Adam Bronstein

I recently received another email update from Oregon Department of Fish and Wildlife’s Wolf and Livestock Updates list. I opened the message and clicked the link anticipating bad news.

Another wolf had been killed by the department in Northeast Oregon. A two-year old male trapped, tranquilized and then euthanized by the state. His crime? Being a member of a community of native carnivores trying to make a living on a landscape overrun with domestic livestock that have displaced their traditional food sources, mainly elk and deer.

This young wolf was a member of the Chesnimnus Pack, near the town of Joseph, whose range encompasses many active federally managed grazing allotments on the Wallowa-Whitman National Forest. Reports of depredations – wolves killing livestock – attributed to the Chesnimnus Pack began rolling in this April, which resulted in fish and wildlife officials issuing an order to kill two wolves before the end of April.

In June, an additional four wolves were marked for death. As of today, three of those six wolves have been wiped out by the state. Not included in this tally is the additional wolf lost at the hands of a poacher in January. This onslaught of death comes on the heels of a bloody 2021 for Oregon, where 26 wolves were documented killed, up from 10 in 2020.
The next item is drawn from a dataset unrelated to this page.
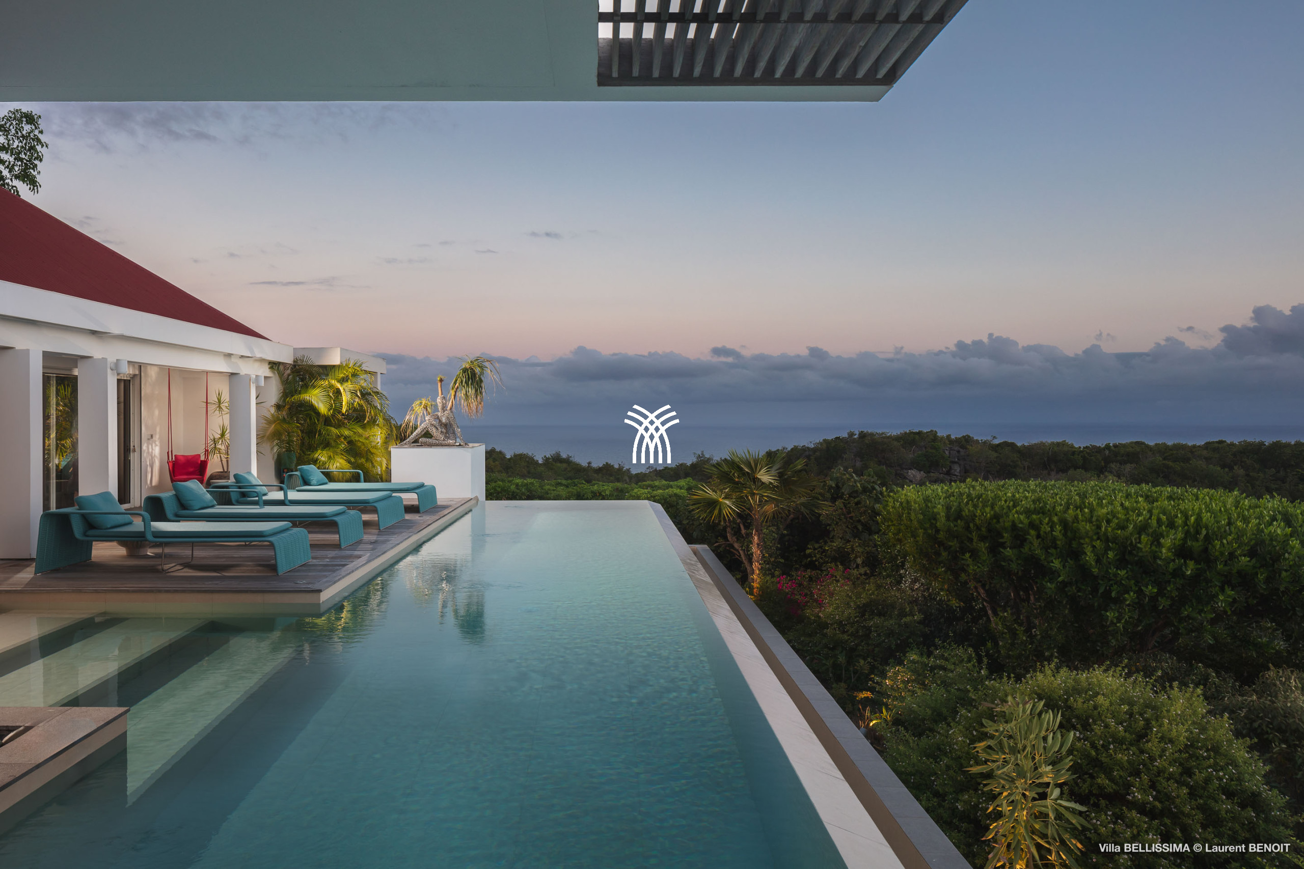 Cette villa de location de luxe offre une vue exceptionnelle sur l’océan et le coucher de soleil.

Killing wolves is counterproductive to many of the wildlife management and habitat conservation programs administered by the ODFW and undermines the benefits that having wolves on the landscape brings to all of us. After wolves were reintroduced into Yellowstone National Park, the ecology of the Greater Yellowstone Ecosystem began to reset itself. Riparian areas – biodiversity hotspots – soon recovered from overgrazing by deer and elk because wolves began keeping them constantly on the move.

This dispersed movement allowed plant communities to reestablish themselves, providing home and sustenance to a host of species. Trout, juvenile salmon and steelhead are provided with cooler water refuges, more insects to eat and more cover from predators because of the shade and habitat provided by streamside vegetation.

Birds and land animals also rely on riparian areas for food, shelter and breeding habitat. Promoting biodiversity helps ward off extinction where one species’ existence is dependent on another. We are now in the throes of the sixth mass extinction and we humans depend on a functioning biosphere for our own survival.

As wolves rightfully return to their native range across northeast Oregon and the rest of the state, livestock producers will experience more losses unless they change the way they operate. Based on past and current responses, department officials seem primed to continue slaughtering wolves at an increasing rate in lockstep with the wolf recovery.

These dead livestock, however, are mostly due to mismanagement. The vast majority of livestock taken by wolves are calves, which are tender, small-bodied and easy prey. If livestock operators wanted to cut their losses to wolf predation by wide margins, they could leave their young-of-the-year at the home ranch with their mothers to nurse until they are ready to fend for themselves before releasing them.

Perhaps the most maddening aspect to this ongoing saga is the agency’s disregard for the best available science. We know now that when managers kill wolves and deplete a pack, the remaining wolves target livestock with more vigor, because livestock are the easiest prey. It is a vicious cycle of death until an entire pack is extirpated.

Take for example the Lookout Pack, also from northeast Oregon. Eight wolves were lethally removed for killing livestock in the fall of 2021, decimating the pack to the point where no breeding pair remained. Killing off entire packs of wolves simply cannot be the answer.

The influence peddled by the livestock industry must no longer reign supreme over wildlife management here in Oregon and across the West. This largely unchecked hegemony has resulted in untold slaughter of wolves – and myriad other creatures ranging from beavers to prairie dogs – over the centuries.

Times must change. We should demand better of our wildlife managers who are supposed to safeguard all of our wildlife in the public trust for all Oregonians.